Le recours temporaire au menu unique sans viande, présenté comme « le plus petit dénominateur commun » entre les goûts, les habitudes ou les interdits alimentaires des enfants, visait à simplifier le service.

Un rejet incompris par les requérants

« Finalement, le menu sans viande est privilégié car c’est celui qui respecte le mieux les convictions religieuses, philosophiques et idéologiques.

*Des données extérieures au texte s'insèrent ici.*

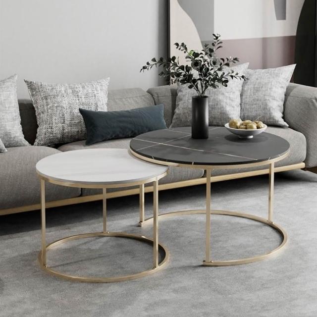 Noname真實岩板 岩板茶几 岩板子母桌(沙發茶几 輕奢圓茶几桌 沙發桌 子母桌 圓茶几 整組茶几)
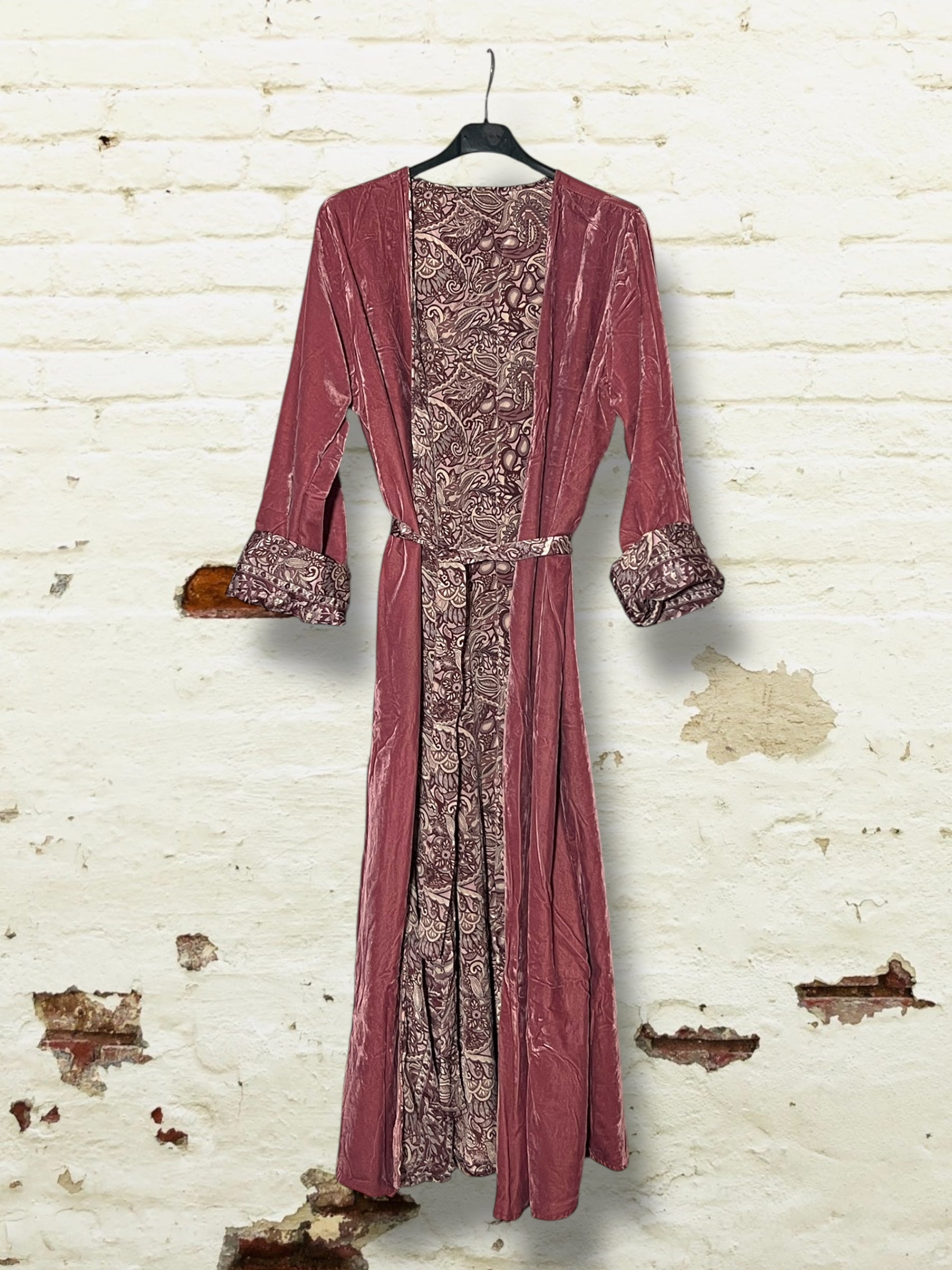 Este kimono único fusiona elegancia y versatilidad. Por un lado, luce un suave terciopelo en tono rosa empolvado que aporta calidez y sofisticación; por el otro, una exquisita seda estampada con motivos paisley que añade un toque artístico y refinado.
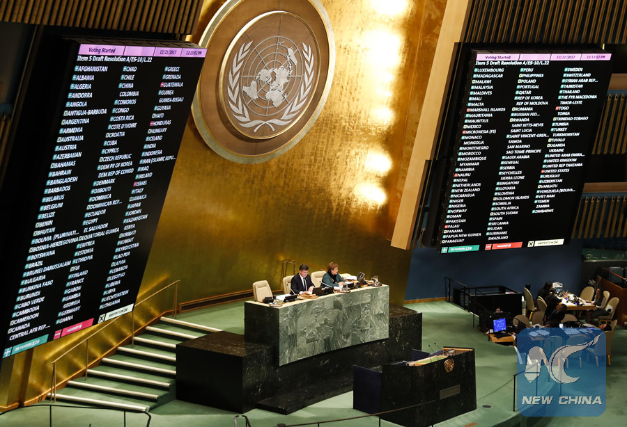 Photo taken on Dec. 21, 2017 shows the voting of a United Nations General Assembly resolution on the status of Jerusalem during a rare emergency special session at the UN headquarters in New York. The General Assembly on Thursday adopted a resolution on the status of Jerusalem that will make U.S. President Donald Trump's decision to recognize Jerusalem as the Israeli capital have no legal effect. (Xinhua Photo)
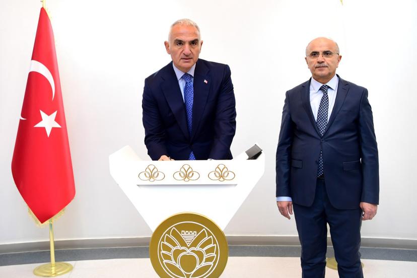 6 Şubat 2023 depremleri sonrası yeniden ayağa kaldırılan kültür varlıklarındaki çalışmaları yerinde görmek üzere Malatya'ya gelen Bakan Ersoy, Büyükşehir belediye Başkanı Er'i makamında ziyaret etti.
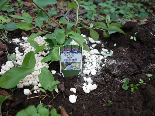 ブルーベリー コースタルの苗木の右側に地植えしました。
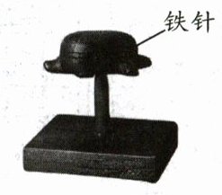 3.《事林广记》中记载了“指南龟”(如图所示)的制法:先以木刻龟,在龟体上沿首尾方向开一洞,放入条形磁石,以黄蜡填满,在龟尾部嵌入一铁针与磁石一端相连,将木龟支于竹针之上,使木龟转动,静止后,针指南。下列说法中正确的是 (
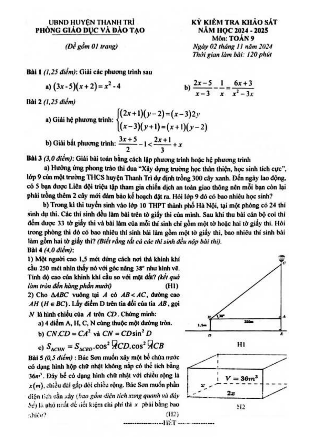 Đề thi KSCL môn Toán lớp 9 năm 2024-2025 - Phòng GD&ĐT Thanh Trì
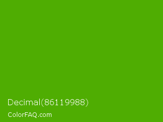 Decimal 86119988 Color is a normal green color and the nearest color is Kelly Green #4cbb17. Hex code #4fad02 and RGB value is rgb(79,173,2). In RGB color space, this color is composed of 31% red, 68% green, 1% blue, In CMYK color space, this color is composed of 54% cyan, 0% magenta, 99% yellow , 32% black , In HSL color space, this color has a hue angle of 93° , 98% saturation and 34% lightness.
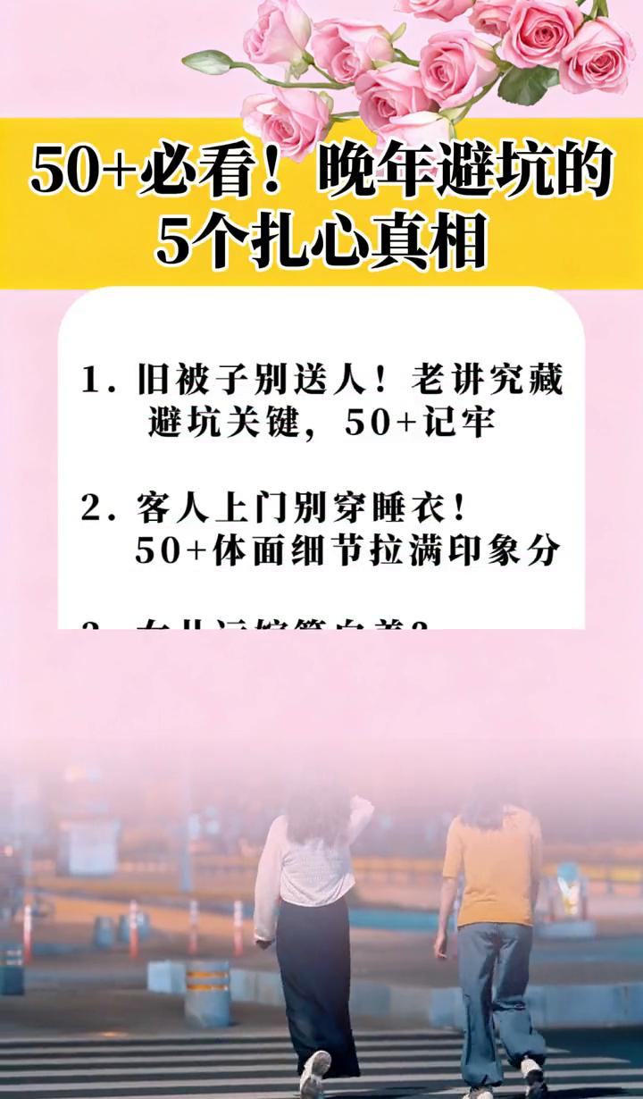 50+必看!晚年避坑的5个扎心真相。 ·1.旧被子别送人!老讲究藏,避坑关键,50+记牢。 ·2.客人上门别穿睡衣!50+体面细节拉满印象分。 ·3.女儿远嫁算白养?50+才懂的扎心现实。 ·4.维系关系不靠送礼,50+看透真心长久法则。 ·5.晚年生活靠谁?近子女才是你的硬核底气。
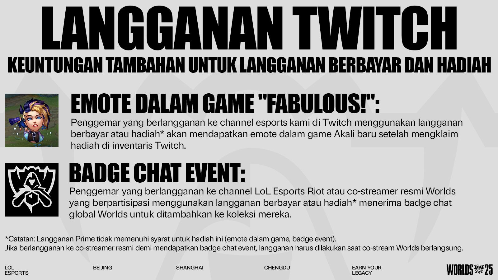 Catatan: Langganan Prime tidak memenuhi syarat untuk hadiah ini (emote dalam game, badge event). Jika berlangganan ke co-streamer resmi demi badge chat event, langganan harus aktif selama co-stream Worlds berlangsung.

C’est une violation du principe de neutralité du service public et de la laïcité », estime le cabinet Admys. « Nous serons très vigilants à ce que cette situation ne perdure pas au-delà du 9 avril » (date des vacances de Pâques dans l’académie de Lyon), poursuit cette même source.

« La décision rendue est difficilement compréhensible », estime Étienne Blanc, à la tête de l’opposition municipale de droite, et l’un des requérants. « D’un côté, le juge dit qu’il n’y a pas d’urgence en rejetant notre référé et d’un autre, il affirme que la ville de Lyon devra réévaluer dans les meilleurs délais la situation. »

S’agissant de la requête déposée par la FDSEA, le tribunal administratif estime que « la mesure n’apparaît pas de nature à créer d’incidences graves pour les filières agricoles d’élevage ».

Le 22 février 2021, plusieurs dizaines d’agriculteurs étaient venues en tracteurs avec quelques vaches protester à proximité de l’Hôtel de ville.